Bug 746799

Summary: New rhui-manager screen to regenerate the identity certificate
Product: Red Hat Update Infrastructure for Cloud Providers Reporter: James Slagle <jslagle>
Component: CDSAssignee: Lana Brindley <lbrindle>
Status: CLOSED CURRENTRELEASE QA Contact: wes hayutin <whayutin>
Severity: unspecified Docs Contact:
Priority: unspecified    
Version: 2.0.1CC: kbidarka, mhideo, sghai
Target Milestone: ---   
Target Release: ---   
Hardware: Unspecified   
OS: Unspecified   
Whiteboard:
Fixed In Version: Doc Type: Bug Fix
Doc Text:
Story Points: ---
Clone Of: Environment:
Last Closed: 2011-10-30 19:04:57 UTC Type: ---
Regression: --- Mount Type: ---
Documentation: --- CRM:
Verified Versions: Category: ---
oVirt Team: --- RHEL 7.3 requirements from Atomic Host:
Cloudforms Team: --- Target Upstream Version:

Description James Slagle 2011-10-17 19:47:28 UTC 
There is a new screen in rhui-manager used to regenerate the identity certificate.  The identity certificate will need to be regenerated if it ever expires.  Starting with 2.0.1, the user is prompted for how many days the certificate will be valid for, with a default of 3650.  However, with 2.0, it was hardcoded to expire after 365 days.
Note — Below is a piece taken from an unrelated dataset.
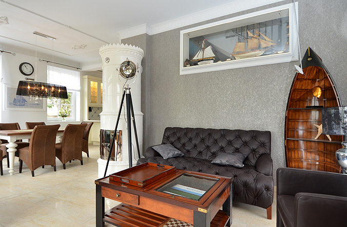 Die rechte Doppelhaushälfte „Classic“ empfängt Sie mit einem friesisch-nordischen Eingangsbereich.Von dort aus gelangen Sie in den großzügig und gemütlich eingerichteten, hellen Wohn- und Essbereich. Verschiedene Stukkaturen an Decken und Wänden sowie Liebe zu ausgesuchten Details verleihen dieser Haushälfte einen besonderen Stil. Sinnbild für ein maritimes Lebensgefühl stellen Modellschiffe und diverse „zum Meer gehörige“ bilder dar. Der große schwedische Kachelofen und der Blick in den Garten sind «Wellness für die Sinne» und sorgen für Ambiente und Wohlbehagen. An den Wintergarten schliesst sich die große Terrasse zur Südwestseite mit Panoramablick an.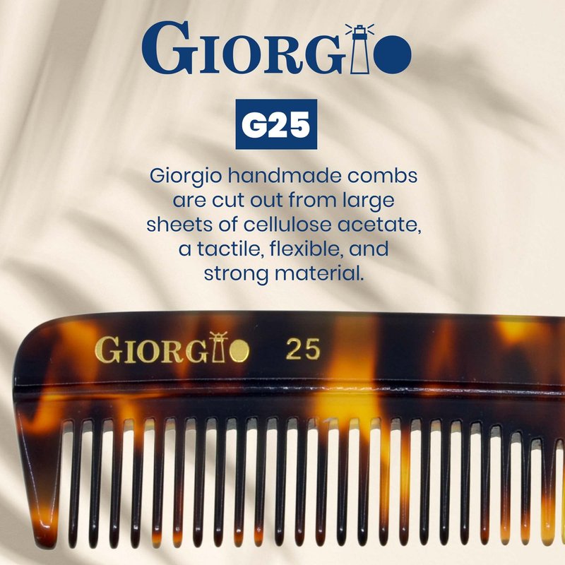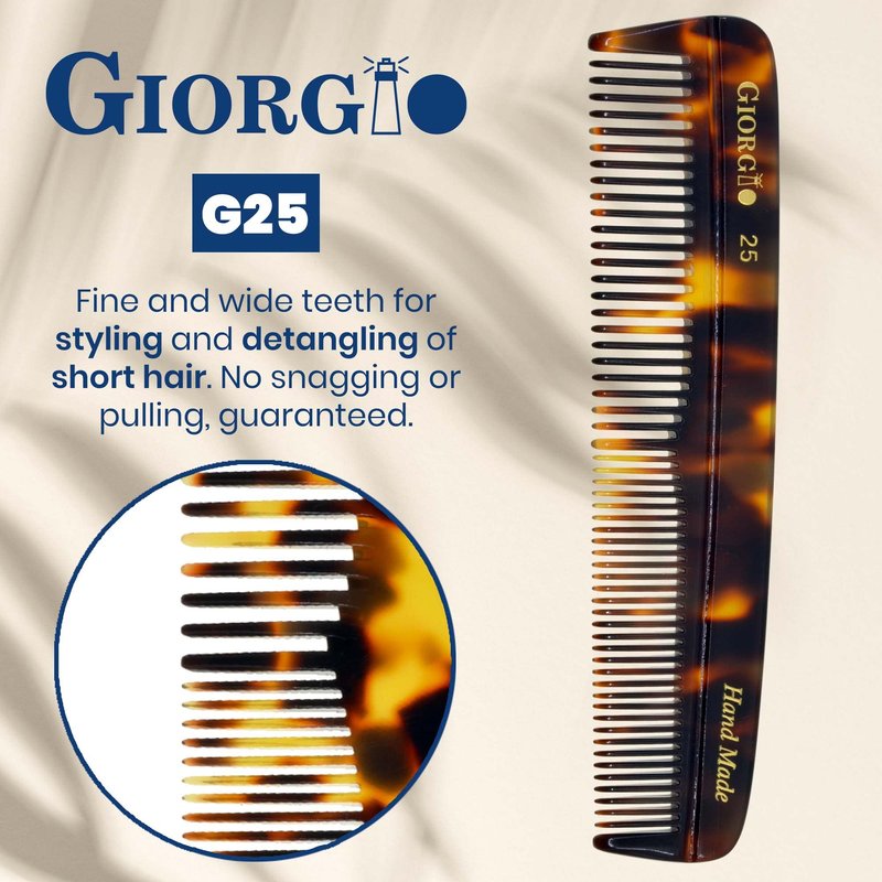 Giorgio G25 FineTooth and WideTooth Pocket Comb - Hair Styling Comb for Men and Women, Handmade Beard Comb for Men, Barber Comb, and Mustache Comb for Grooming,Saw Cut and Polished Travel Comb

From the home rhui-manager menu, there's a new option for this new screen:
   i   manage identity certificate

Pressing 'i' takes you to the new screen:

------------------------------------------------------------------------------
             -= Red Hat Update Infrastructure Management Tool =-


-= Identity Certificate Management =-

   g   generate a new identity certificate

                          Connected: ec2-107-20-207-64.compute-1.amazonaws.com
------------------------------------------------------------------------------

Pressing 'g' (the only option):

rhui (identity) => g

Generating a new RHUI identity certificate will replace 
the one currently stored at /etc/pki/rhui/identity.crt.  Proceed? [y/n]: y

Enter the number of days the RHUI identity certificate will be valid.  
If the identity certificate ever expires, it will need to be 
regenerated using rhui-manager [Default: 3650]: 
...............+++
.........+++
Successfully regenerated RHUI Identity certificate

------------------------------------------------------------------------------
Comment 1 wes hayutin 2011-10-17 20:01:40 UTC 
set tracker bug. 746803
Comment 3 Lana Brindley 2011-10-24 02:56:12 UTC 
New chapter added, please review on the stage.

Revision 2-13.

LKB
Comment 4 Sachin Ghai 2011-10-24 11:59:22 UTC 
Verified at stage with following link:
http://documentation-stage.bne.redhat.com/docs/en-US/Red_Hat_Update_Infrastructure/2.0/html/Installation_Guide/chap-Installation_Guide-Identity_Certificates.html

Under "Procedure 9.1. Generate a New Identity Certificate" ==> step4

>> The new identity certificate will be created. You should restart the service >> to pick up the changes: 

I'm not sure if we need to restart any service to pick up the changes. if it is not required then we need to remove this statement.

James, could you please help to clarify this ?
Comment 5 James Slagle 2011-10-25 12:39:45 UTC 
It's fine telling them to restart services.  It's probably not strictly required at this point, but it's not going to hurt anything.